O questionário aplicado (Figura 15) foi reorganizado de acordo com a
observação feita no local, e mesclou-se de questões objetivas e dissertativas, as
quais serão descritas abaixo.
Figura 27 - Aplicação dos questionários alunos da Unidade Educativa "La Frontera". Arroyo
Concepcion / Puerto Quijarro - Bolívia. Foto de minha autoria, 2014.
Dos 30 alunos que participaram da pesquisa, quase todos nasceram e
estudaram na Bolívia. Percebe-se desse modo que o encontro de culturas que
acontece na escola, é exclusivamente da cultura boliviana, por isso a grande
necessidade, até mesmo nas cidades de fronteira, de resgatar as culturas internas
do país.
Quadro 11 - Cidade da Bolívia onde nasceram
Puerto Quijarro / Puerto Suarez
10
Santa Cruz
16
Cochabamba
2
La Paz
1
Chile
1
Fonte: pesquisa de campo, Jun./ Julho 2014.
83
Com relação à cidade de nascimento do pai e da mãe, 29 alunos são
filhos de pai e mãe nascidos na Bolívia e apenas 1 aluno de pai brasileiro e mãe
boliviana.
Quadro 12 - Número de alunos com relação à cidade de nascimento do pai e da mãe.
Mãe brasileira 0
Mãe boliviana 30
Pai brasileiro 01
Pai boliviano 29
Fonte: pesquisa de campo, Jun./ Julho 2014.
Quando questionados com relação a possuírem documentação brasileira
todos responderam que não possuem, pois é muito difícil conseguir e também por
desconhecerem as leis brasileiras, ao mesmo tempo entraram em contradição e
disserem que não podiam conversar sobre esse assunto, pois era muito perigoso e
tinham medo da polícia do lado brasileiro. Isso comprova mais uma vez, a
necessidade de leis específicas para as escolas de fronteiras.

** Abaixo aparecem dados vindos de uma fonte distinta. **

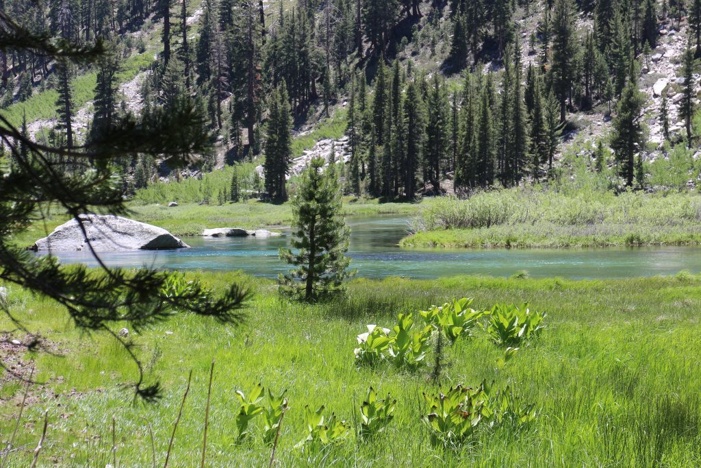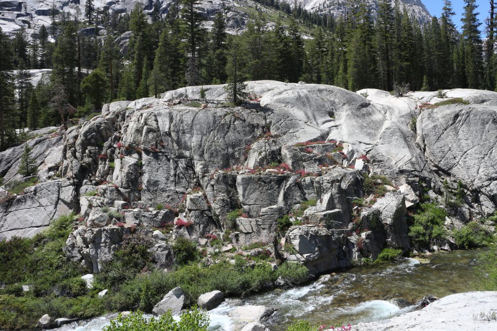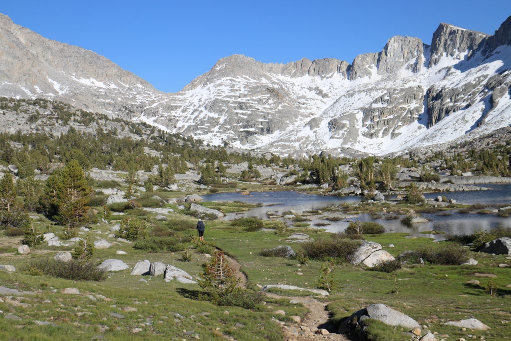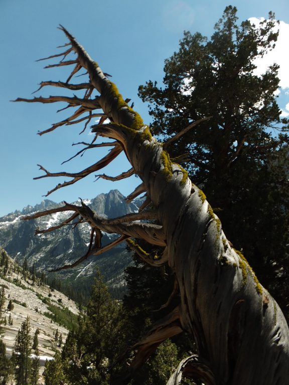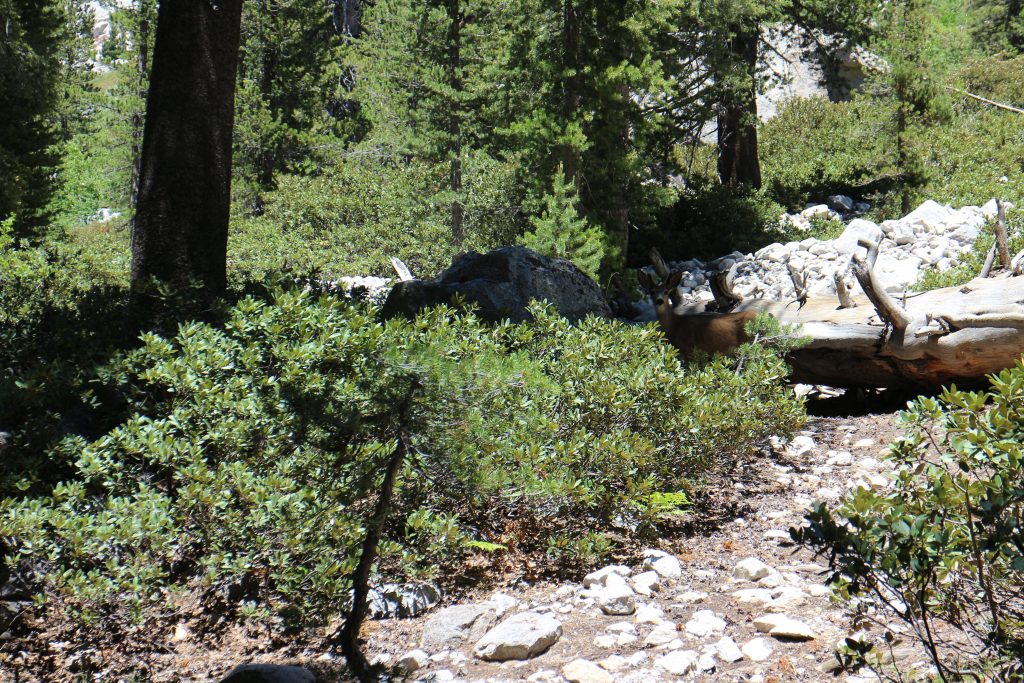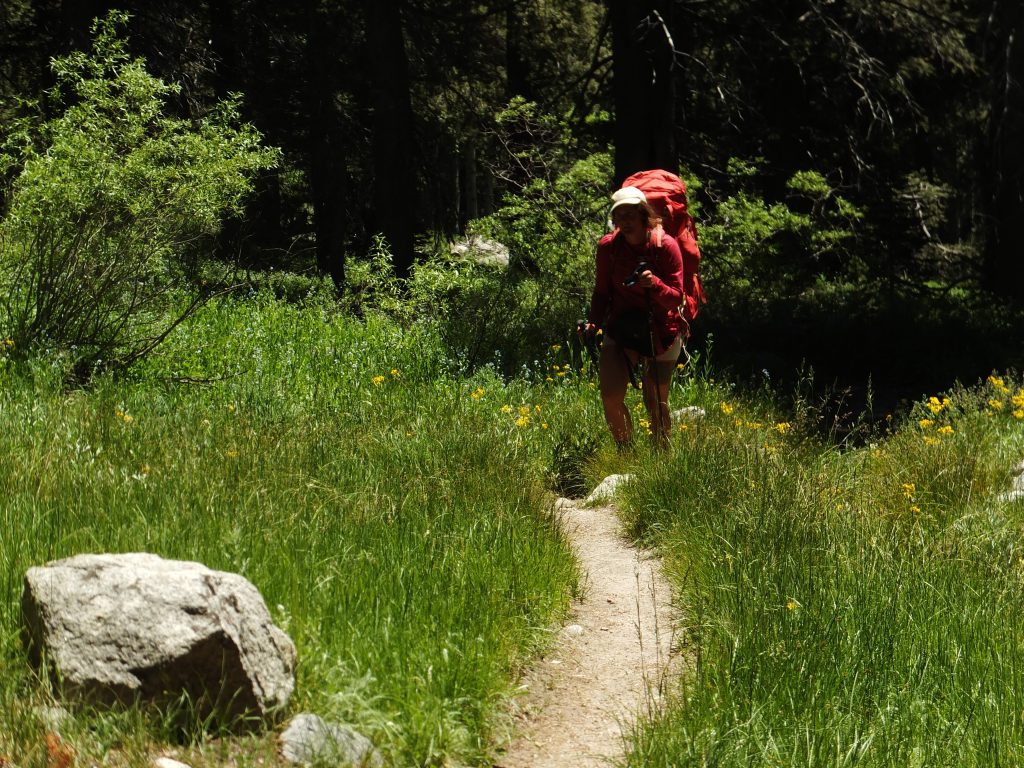 Lunchar strax efter att det vänder och börjar gå uppåt igen. Bishop pass Trail junction, 5,5 km bort blir nästa delmål. Möter en trevlig ranger. Följer ett annat vattendrag/fors uppströms och viker av på bishop pass Trail i närheten av ranger station.

Na questão ao que se refere ao grau de entendimento da língua
portuguesa na escola, 3 alunos possuem pequeno grau de entendimento, ou seja,
entendem, falam, porém misturam o português e o espanhol ao falar e escrevem
com muita dificuldade; 21 alunos possuem o grau de entendimento médio –
entendem, falam, entretanto possuem “certa” dificuldade ao escrever e 06 alunos
possuem ótimo grau de entendimento, fala e escrita.
84
Quadro 13 - Número de alunos da Unidade Educativa “La Frontera” com relação ao grau de
entendimento da língua portuguesa.
Grau de entendimento da língua portuguesa Número de alunos
Pouco – entende, fala (misturam o idioma) e escreve com
muita dificuldade. 3
Médio – entende, fala, escreve com pouca dificuldade 21
Fluente – entende, fala, escreve 6
Fonte: pesquisa de campo, Jun./ Julho 2014.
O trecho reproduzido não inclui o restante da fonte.